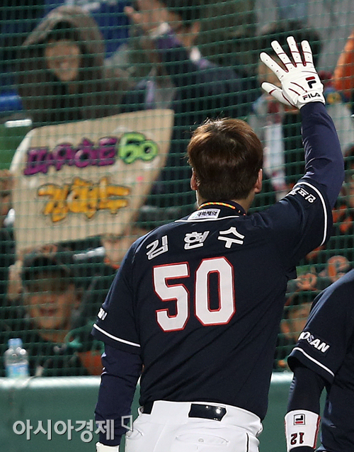 [대구=아시아경제 정재훈 기자] 24일 오후 대구시민야구장에서 열린 '2013 한국야쿠르트 세븐 프로야구' 삼성 라이온즈와 두산 베어스의 한국 시리즈 1차전. 5회초 1사 무주자 상황 김현수가 우익수 뒤 솔로홈런을 치고 관중석을 향해 손을 흔들고 있다.정재훈 기자 roze@asiae.co.kr<ⓒ세계를 보는 창 경제를 보는 눈, 아시아경제(www.asiae.co.kr) 무단전재 배포금지>
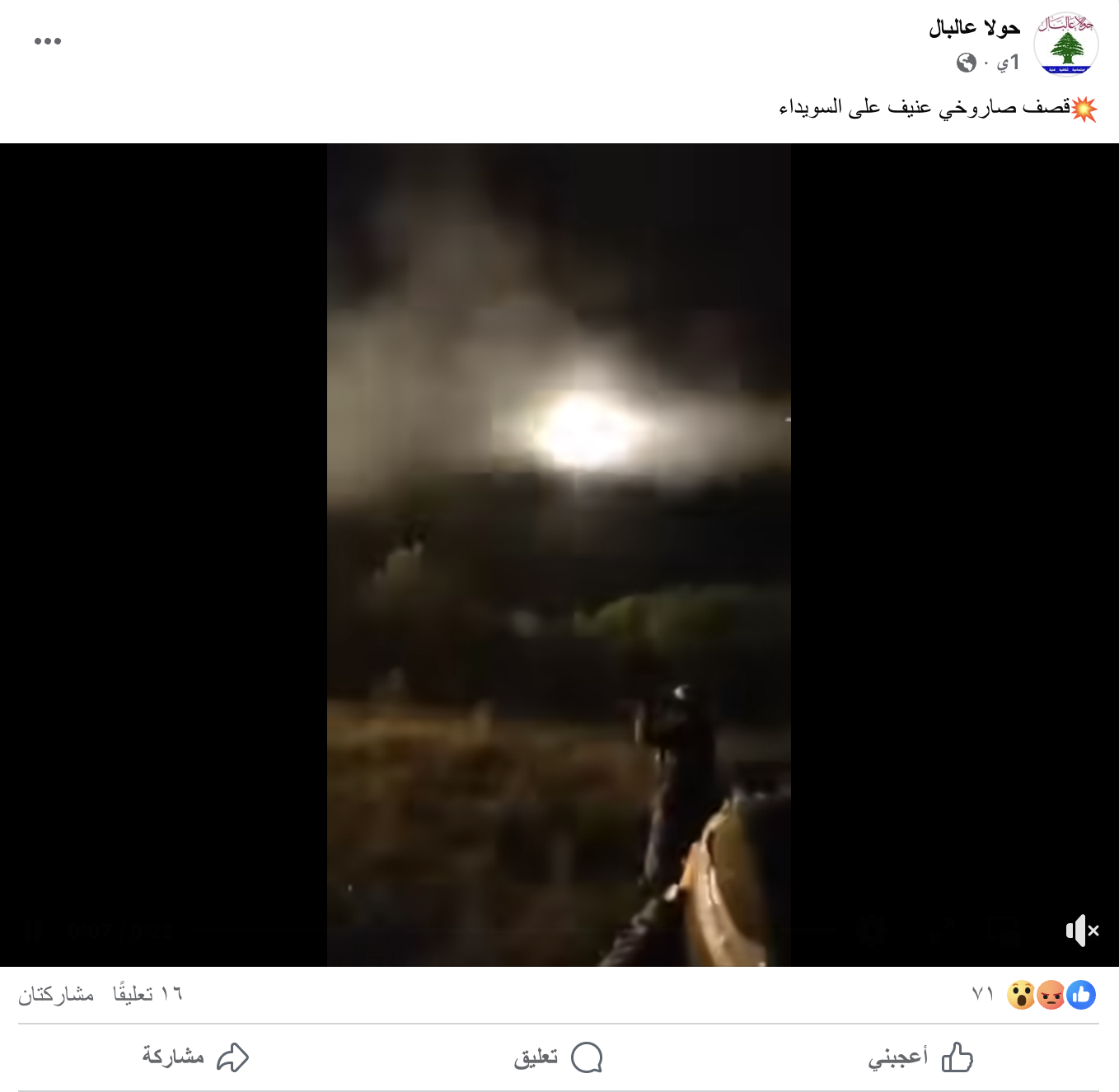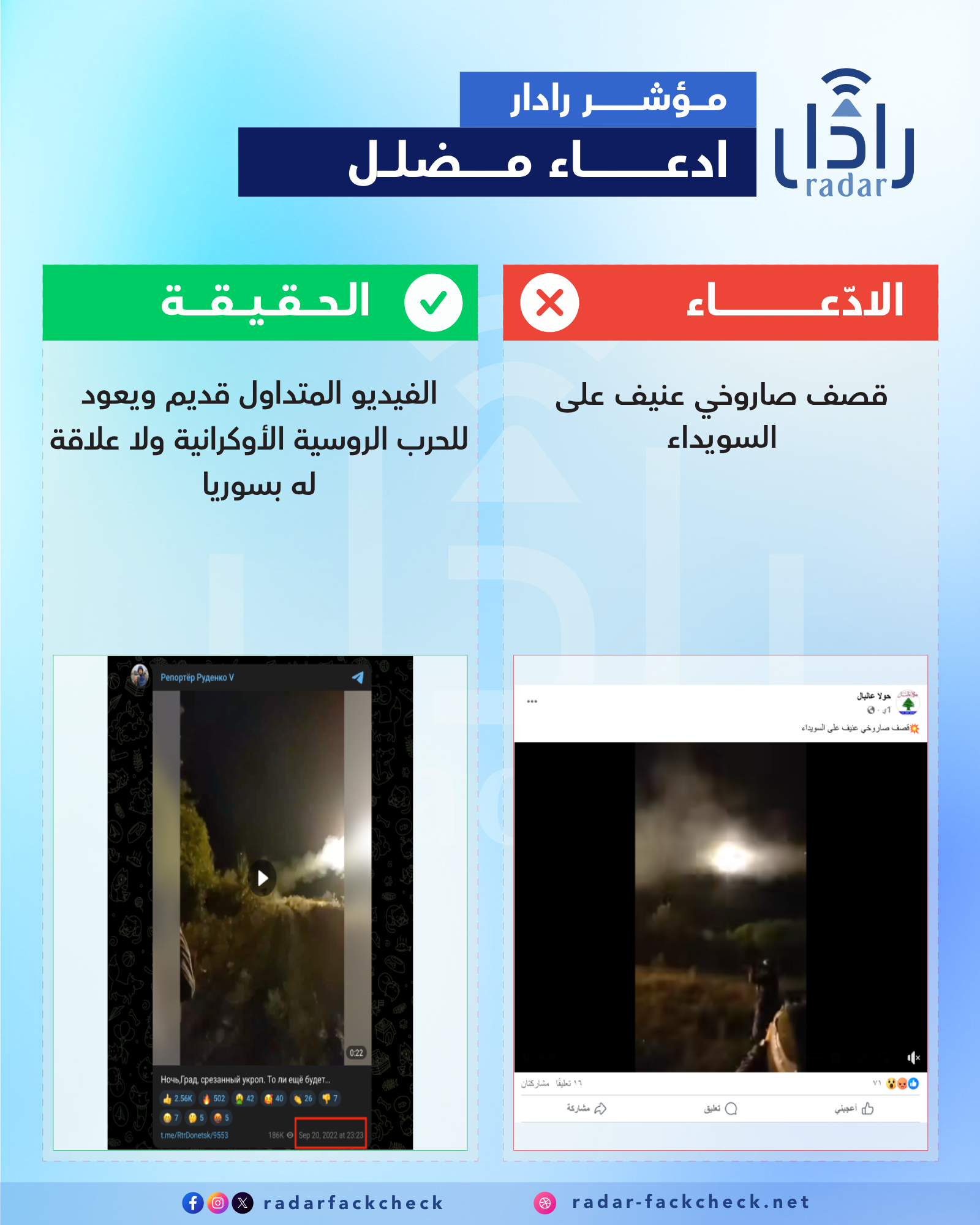 تداولت مجموعات على تطبيق واتساب إلى جانب صفحات على مواقع التواصل الاجتماعي فيديو يُظهر قصفًا صاروخيًا عنيفًا، وأُرفق بمزاعم تشير إلى أنه يُوثق قصفاً حدث مؤخرًا على محافظة السويداء جنوب سوريا.
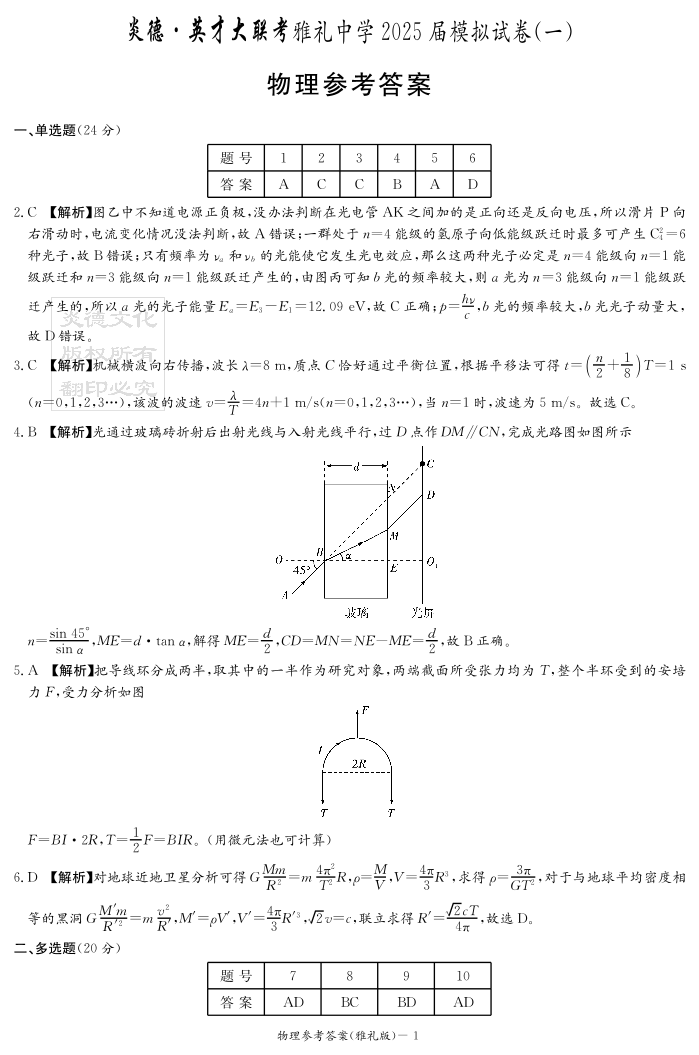 炎德·英才大联考雅礼中学 2025 届模拟试卷(一)物理答案.pdf
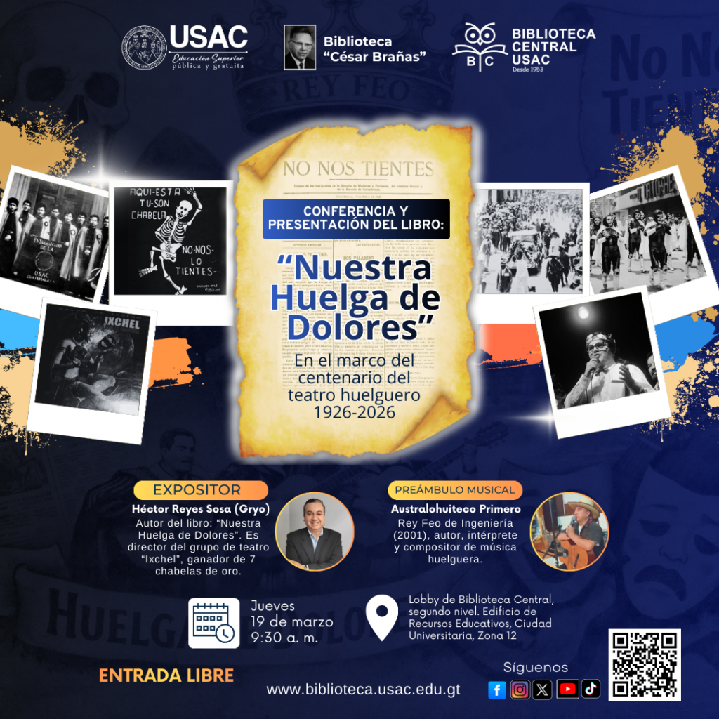 Jueves 19 de marzo. Cordial invitación a la comunidad sancarlista a participar en la conferencia y presentación del libro “Nuestra Huelga de Dolores”, del escritor y director del grupo de teatro “Ixchel” Héctor Reyes Sosa (Gryo), una obra que recorre la memoria y el espíritu de la tradicional Huelga de Dolores, en el marco del centenario del teatro huelguero universitario (1926-2026).
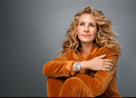 She’s wearing a beige top that accentuates the fiery color of her hair. Even though she’s dressed quite casually in slacks and said top, a glow seems to emanate from her. An effortless star quality.
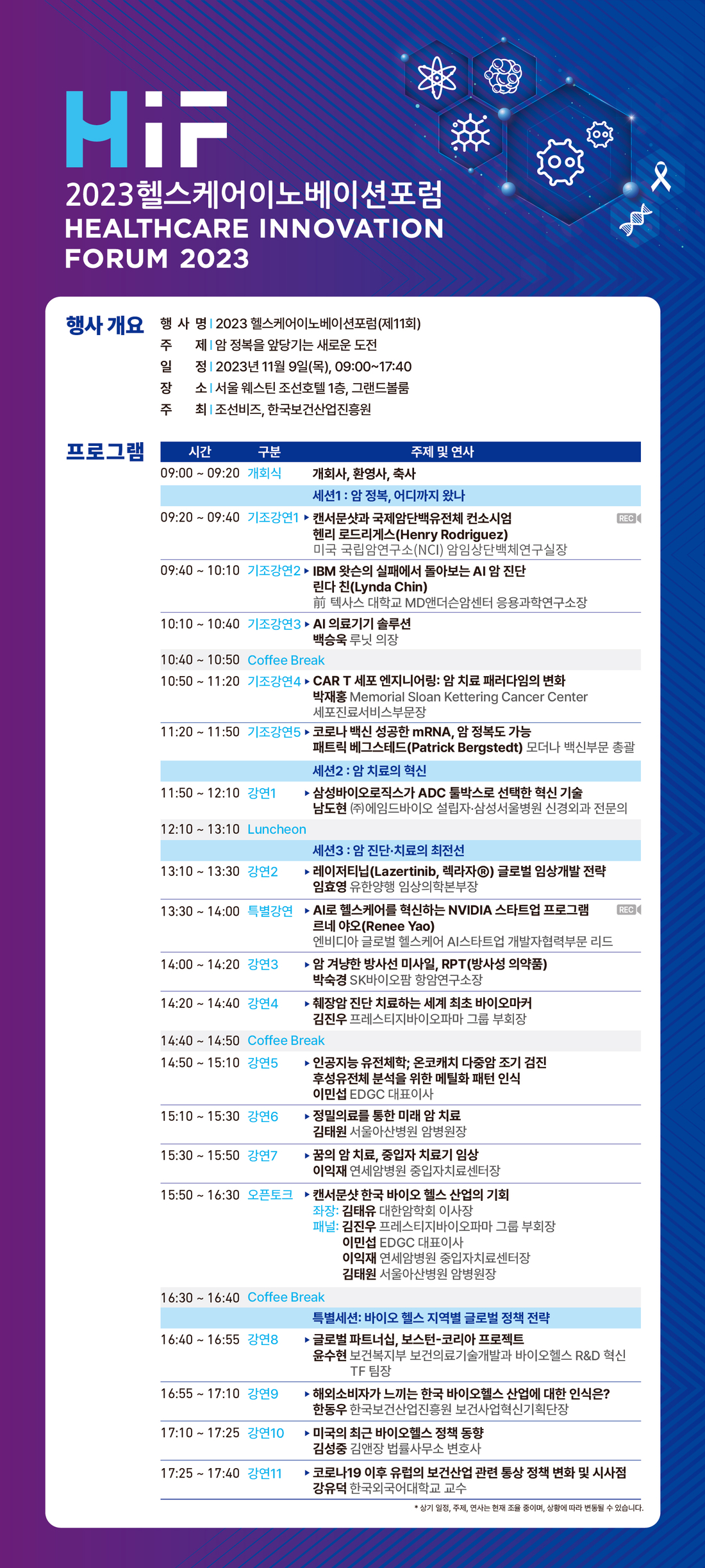 • 행 사 명 : 2023헬스케어이노베이션포럼
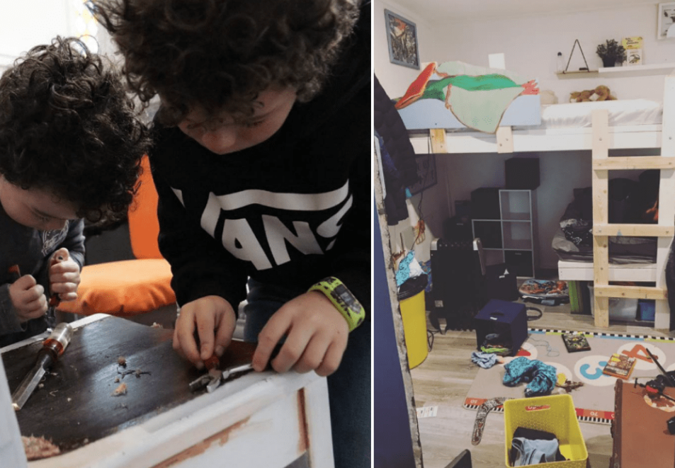 Στην πορεία, έπρεπε να βρίσκει πρακτικές και οικονομικές λύσεις για όλα, χωρίς να θυσιάσει καθόλου ζωτικό χώρο για τα παιδιά ή κάποιες απ’ τις βασικές λειτουργικότητες. Τα κατάφερε βάζοντας το μυαλό και τη φαντασία της να δουλέψουν, ψάχνοντας έπιπλα σε πολυκαταστήματα και αγορές μεταχειρισμένων και φυσικά, αξιοποιώντας όλες τις γνώσεις του παππού της, αλλά και την πολύτιμη βοήθεια των υπέροχων αγοριών της.
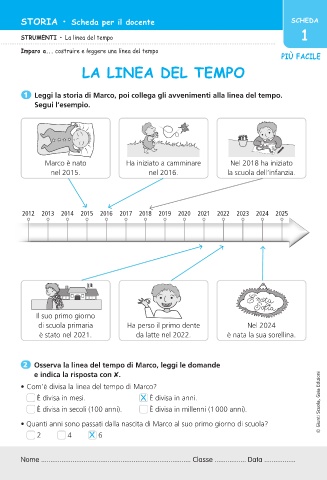 1 Leggi la storia di Marco, poi collega gli avvenimenti alla linea del tempo.

-- Exercise aim --
Write the listing out again in full and unchanged, minus any pictures.

-- Reply --
 [대구=아시아경제 정재훈 기자] 24일 오후 대구시민야구장에서 열린 '2013 한국야쿠르트 세븐 프로야구' 삼성 라이온즈와 두산 베어스의 한국 시리즈 1차전. 5회초 1사 무주자 상황 김현수가 우익수 뒤 솔로홈런을 치고 관중석을 향해 손을 흔들고 있다.정재훈 기자 roze@asiae.co.kr<ⓒ세계를 보는 창 경제를 보는 눈, 아시아경제(www.asiae.co.kr) 무단전재 배포금지>
 تداولت مجموعات على تطبيق واتساب إلى جانب صفحات على مواقع التواصل الاجتماعي فيديو يُظهر قصفًا صاروخيًا عنيفًا، وأُرفق بمزاعم تشير إلى أنه يُوثق قصفاً حدث مؤخرًا على محافظة السويداء جنوب سوريا.
 炎德·英才大联考雅礼中学 2025 届模拟试卷(一)物理答案.pdf
 Jueves 19 de marzo. Cordial invitación a la comunidad sancarlista a participar en la conferencia y presentación del libro “Nuestra Huelga de Dolores”, del escritor y director del grupo de teatro “Ixchel” Héctor Reyes Sosa (Gryo), una obra que recorre la memoria y el espíritu de la tradicional Huelga de Dolores, en el marco del centenario del teatro huelguero universitario (1926-2026).
 She’s wearing a beige top that accentuates the fiery color of her hair. Even though she’s dressed quite casually in slacks and said top, a glow seems to emanate from her. An effortless star quality.
 • 행 사 명 : 2023헬스케어이노베이션포럼
 Στην πορεία, έπρεπε να βρίσκει πρακτικές και οικονομικές λύσεις για όλα, χωρίς να θυσιάσει καθόλου ζωτικό χώρο για τα παιδιά ή κάποιες απ’ τις βασικές λειτουργικότητες. Τα κατάφερε βάζοντας το μυαλό και τη φαντασία της να δουλέψουν, ψάχνοντας έπιπλα σε πολυκαταστήματα και αγορές μεταχειρισμένων και φυσικά, αξιοποιώντας όλες τις γνώσεις του παππού της, αλλά και την πολύτιμη βοήθεια των υπέροχων αγοριών της.
 1 Leggi la storia di Marco, poi collega gli avvenimenti alla linea del tempo.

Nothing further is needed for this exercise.